The FDA’s questions in the request for public comments – spanning performance metrics, monitoring infrastructure, human AI-interaction, and data governance – reveal considerable uncertainty about implementation details.
Real-world AI risks
AI-enabled medical devices operate in environments where performance can degrade silently. Unlike traditional devices, AI models drift in ways that training data may not have anticipated.
The drift problem demands both technical solutions and regulatory adaptation. As the FDA explores lifecycle oversight, manufacturers should prepare for further post-market responsibilities.
The need for adaptive oversight has grown alongside the rapid evolution of AI itself. In late 2022, ChatGPT demonstrated that models could perform tasks they weren’t explicitly designed for, like multi-step reasoning. These so-called “emergent abilities” have been documented in research on large language models – raising questions about predictability and control.
Medical software engineer and software consulting firm owner Logan Frederick explained in a comment letter that emerging technologies have “extraordinarily broad capabilities and may be impossible to fully constrain to narrow medical-use cases.” His observation reflects broader concerns about the complexity introduced by AI in medical devices – complexity that makes continuous monitoring essential.
The FDA’s request for comment signals the agency’s concern regarding performance drift monitoring and data management.

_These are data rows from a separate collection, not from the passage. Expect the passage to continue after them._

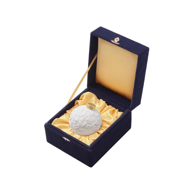 Игрушка упакована в изысканный подарочный футляр, обитый синим бархатом, что подчеркивает её ценность и делает готовым презентом для коллег и партнеров.
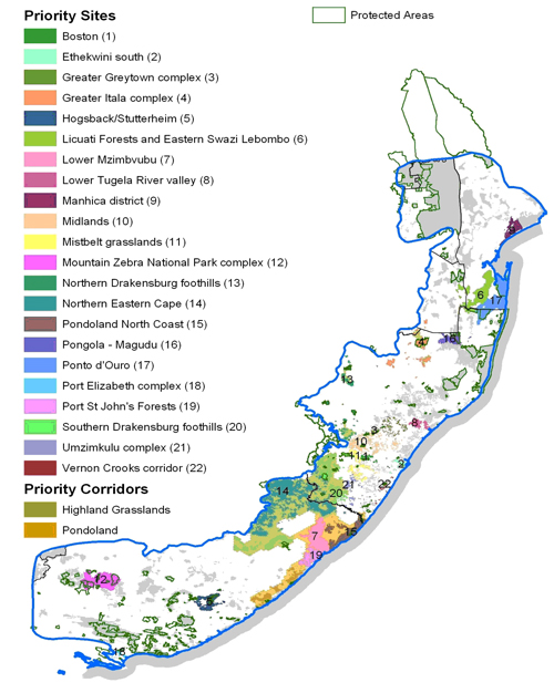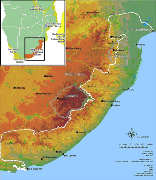 The Maputaland-Pondoland-Albany Biodiversity Hotspot, located along the east coast of southern Africa, below the Great Escarpment, is the second richest floristic region in southern Africa (after the Cape Floristic Region). Some 1,900 endemic plant species are found here, of which 534 are classified as either Vulnerable, Endangered or Critically Endangered per the IUCN Red List of Threatened Species.
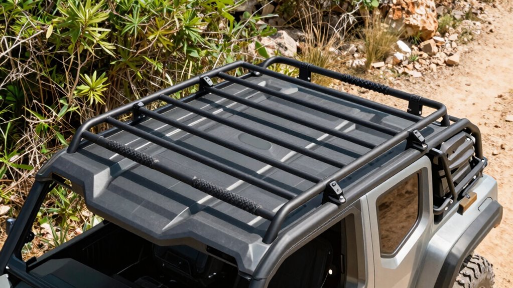 Ever wondered how your UTV roof rack can withstand harsh weather conditions? The key is in its materials—look for racks made from powder-coated steel or anodized aluminum, as these resist rust and corrosion. A good rack should have sealed joints and reinforced seams to handle rain, snow, and humidity without breaking down. UV-resistant coatings protect the surface from sun damage, keeping the finish looking new longer. Drainage channels or drain holes are essential to prevent water buildup, reducing internal corrosion risks. Additionally, wind deflectors or fairings can shield cargo from wind and weather, extending the rack’s lifespan. When choosing a roof rack, prioritize these features to ensure it remains durable and reliable no matter the weather.

Dr. Akshaya Bhagavathula, Associate Professor of Epidemiology at North Dakota State University, argues that traditional metrics like accuracy scores miss a critical dimension of real-world performance. He proposes new approaches, such as temporal stability tracking, population-weighted scoring to avoid masking errors in underrepresented groups, and clinical impact assessments that weigh errors based on their consequences.
But knowing what to monitor requires a systematic approach. Professor Christian Johner, founder of the Johner Institute – a consultancy specialising in medical device regulation and quality systems – identifies four essential monitoring categories: the model’s input data to ensure patient populations still match intended use, model outputs to track performance metrics and bias, user interaction to detect over-trust or under-trust of devices, and the technical environment.

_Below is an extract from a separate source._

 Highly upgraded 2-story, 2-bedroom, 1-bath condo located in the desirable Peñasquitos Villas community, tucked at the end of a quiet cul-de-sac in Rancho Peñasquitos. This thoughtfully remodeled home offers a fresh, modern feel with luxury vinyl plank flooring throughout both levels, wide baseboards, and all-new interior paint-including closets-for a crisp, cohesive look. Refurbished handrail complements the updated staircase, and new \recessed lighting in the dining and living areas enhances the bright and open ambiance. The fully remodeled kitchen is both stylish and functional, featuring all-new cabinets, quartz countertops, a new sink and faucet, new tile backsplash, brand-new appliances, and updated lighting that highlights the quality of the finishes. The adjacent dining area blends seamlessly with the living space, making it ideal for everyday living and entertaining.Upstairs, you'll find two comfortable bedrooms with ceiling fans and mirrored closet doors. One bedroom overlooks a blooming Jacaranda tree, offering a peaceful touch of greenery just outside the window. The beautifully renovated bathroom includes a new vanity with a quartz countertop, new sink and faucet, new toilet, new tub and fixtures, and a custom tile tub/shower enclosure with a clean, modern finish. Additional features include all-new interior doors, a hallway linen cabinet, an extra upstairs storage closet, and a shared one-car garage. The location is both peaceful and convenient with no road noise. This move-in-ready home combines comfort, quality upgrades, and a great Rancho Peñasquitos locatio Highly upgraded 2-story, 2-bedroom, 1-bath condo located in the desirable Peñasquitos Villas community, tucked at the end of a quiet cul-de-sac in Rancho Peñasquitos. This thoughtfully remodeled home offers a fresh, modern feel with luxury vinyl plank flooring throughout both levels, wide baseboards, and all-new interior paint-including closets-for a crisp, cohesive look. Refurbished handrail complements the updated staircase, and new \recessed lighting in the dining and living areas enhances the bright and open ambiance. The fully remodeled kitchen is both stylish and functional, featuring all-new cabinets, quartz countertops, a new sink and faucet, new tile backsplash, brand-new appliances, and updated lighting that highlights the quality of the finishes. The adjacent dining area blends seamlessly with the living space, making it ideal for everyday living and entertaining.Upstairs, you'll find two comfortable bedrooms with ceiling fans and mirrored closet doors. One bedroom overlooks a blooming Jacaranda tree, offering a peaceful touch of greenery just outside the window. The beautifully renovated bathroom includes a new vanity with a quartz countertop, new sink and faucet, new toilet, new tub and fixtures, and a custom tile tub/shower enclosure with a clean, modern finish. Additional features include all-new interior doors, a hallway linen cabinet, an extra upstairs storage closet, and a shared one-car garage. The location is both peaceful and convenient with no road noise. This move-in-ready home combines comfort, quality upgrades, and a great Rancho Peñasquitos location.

Mohammad Sufiyan Khan, an oncology-focused biomedical AI researcher, points to a deeper problem with how models are trained. He explained that most current models are “trained on cleaned and curated datasets, which limits their capacity to generalise to real-world biological noise.” Drawing from his own experience designing an AI workflow for cancer drug discovery, his proposed solution is a dual-stream learning model – one stream trained on noisy data to build “noise recognition literacy,” and another on curated data to preserve interpretability.
These technical challenges converge on a fundamental question: how will the FDA continue to assess whether AI-enabled medical devices remain safe and effective as they evolve? The Institute for AI Governance in Healthcare recommends addressing data quality through routine validation processes and governance committee reviews. But as Dan Noyes, a healthcare AI strategist who builds AI tools for clinicians and patients, warns, “without transparent monitoring, silent failures such as model drift or bias could erode trust and jeopardize outcomes.”
Baker Sterchi’s Lammert emphasised that the future of AI oversight in healthcare will depend on finding the right balance. “Transparency, human judgment, and ongoing collaboration between developers and regulators will be key to promoting responsible AI innovation in healthcare,” she said.